03/24/26

Terraform Drift: Why It Happens and How to Fix It

Detecting and managing infrastructure drift in Terraform

6 Min Read

Terraform drift is the gap between what your state file describes and what actually exists in your cloud account. A security group rule gets edited in the AWS console during an incident. An auto-scaler adds instances that Terraform doesn't track. A failed apply leaves the state file describing infrastructure that only half exists. Over time, the state file quietly falls behind reality, and the next terraform plan surfaces changes nobody remembers making.

This guide covers how to detect, fix, and prevent drift. It also explains why drift is structural to the state-file model, and how infrastructure-from-code tools like Encore avoid it by design.

What Terraform drift looks like

Terraform tracks infrastructure through a state file, a JSON document that maps your .tf configuration to real cloud resources. Every plan or apply compares that state against what's actually deployed. When they don't match, Terraform reports the difference as changes it wants to make.

Drift shows up in a few ways:

  • Unexpected diffs in terraform plan where resources show modifications you didn't write
  • Resources that exist in your cloud account but not in state, invisible to Terraform entirely
  • State entries pointing to resources that were deleted outside of Terraform, causing errors on the next apply
  • Attribute values that silently changed, like instance types or security group rules

The tricky part is that Terraform won't tell you about drift until you ask. Between runs, your state can quietly fall behind reality.

Common causes

Most drift doesn't come from malicious changes. It comes from the gap between how teams intend to manage infrastructure and how they actually do it day-to-day.

Manual console changes are the most common source. A developer debugging a production issue opens the AWS console and edits a security group rule directly. The fix works, the incident resolves, and nobody updates the Terraform config. Three months later, someone runs plan and sees a diff they can't explain.

Auto-scaling and managed services create drift by design. AWS auto-scalers add and remove instances based on load. RDS applies minor version patches. ECS updates task definitions during deployments. These changes are expected behavior from the cloud provider's side, but Terraform's state doesn't track them unless you've configured it to ignore them with lifecycle blocks.

Failed or partial applies leave state in an awkward position. If Terraform creates a security group but fails while creating the EC2 instance that references it, your state now describes a partial deployment. The next plan may try to recreate resources that already exist, or reference IDs that are stale.

Other tools modifying the same resources is increasingly common as teams adopt multiple infrastructure tools. A Kubernetes operator provisions a load balancer that Terraform also manages. A CI script modifies an S3 bucket policy. Ansible updates packages on instances Terraform provisioned. Each tool operates independently, and none of them update Terraform's state.

How to detect drift

The simplest check is terraform plan.
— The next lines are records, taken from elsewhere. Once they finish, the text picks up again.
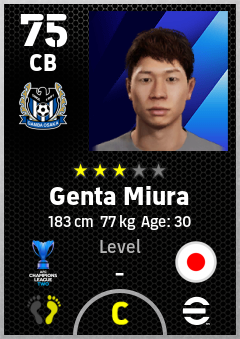 . Genta Miura is a Center Back footballer from Japan who plays for Gamba Osaka in eFootball 2026.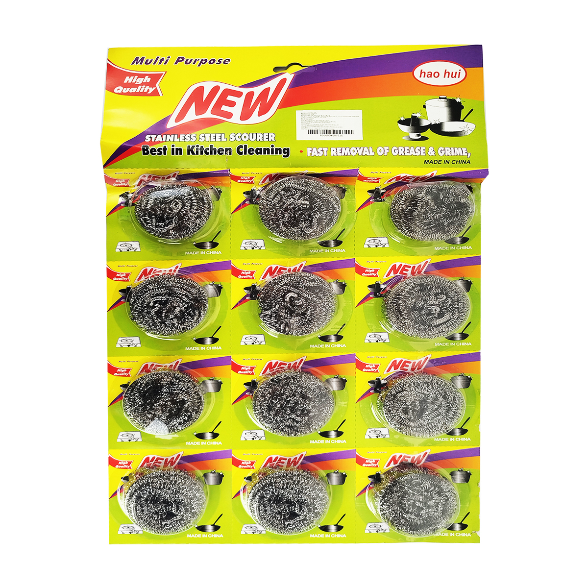 Blister de 12 fibras de metal para cocina.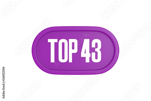 Top 43 sign in purple color isolated on white background, 3d illustration.

Run it without applying, and it will show you every difference between your state and reality.

terraform plan -detailed-exitcode

The -detailed-exitcode flag returns exit code 2 when there are changes, which makes it useful in CI pipelines. You can run this on a schedule to catch drift before it compounds.

For a more targeted check, terraform apply -refresh-only updates your state file to match the actual infrastructure without changing any resources. It shows you what changed and asks for confirmation before writing the updated state. After a refresh, running plan will show you only the differences between your configuration and reality, with the state file already synchronized.

terraform apply -refresh-only terraform plan

(The older terraform refresh command does the same thing without a confirmation step, but it's been deprecated since Terraform 0.15.4 in favor of apply -refresh-only.)

Scheduled CI plans are the most reliable detection method. Set up a pipeline that runs terraform plan nightly or weekly and sends the output to Slack or creates an issue when drift is detected. Without this, drift accumulates silently until someone needs to make a change and discovers weeks of untracked modifications.

How to fix it

Once you've found drift, you have two choices: update your code to match reality, or apply your code to overwrite reality.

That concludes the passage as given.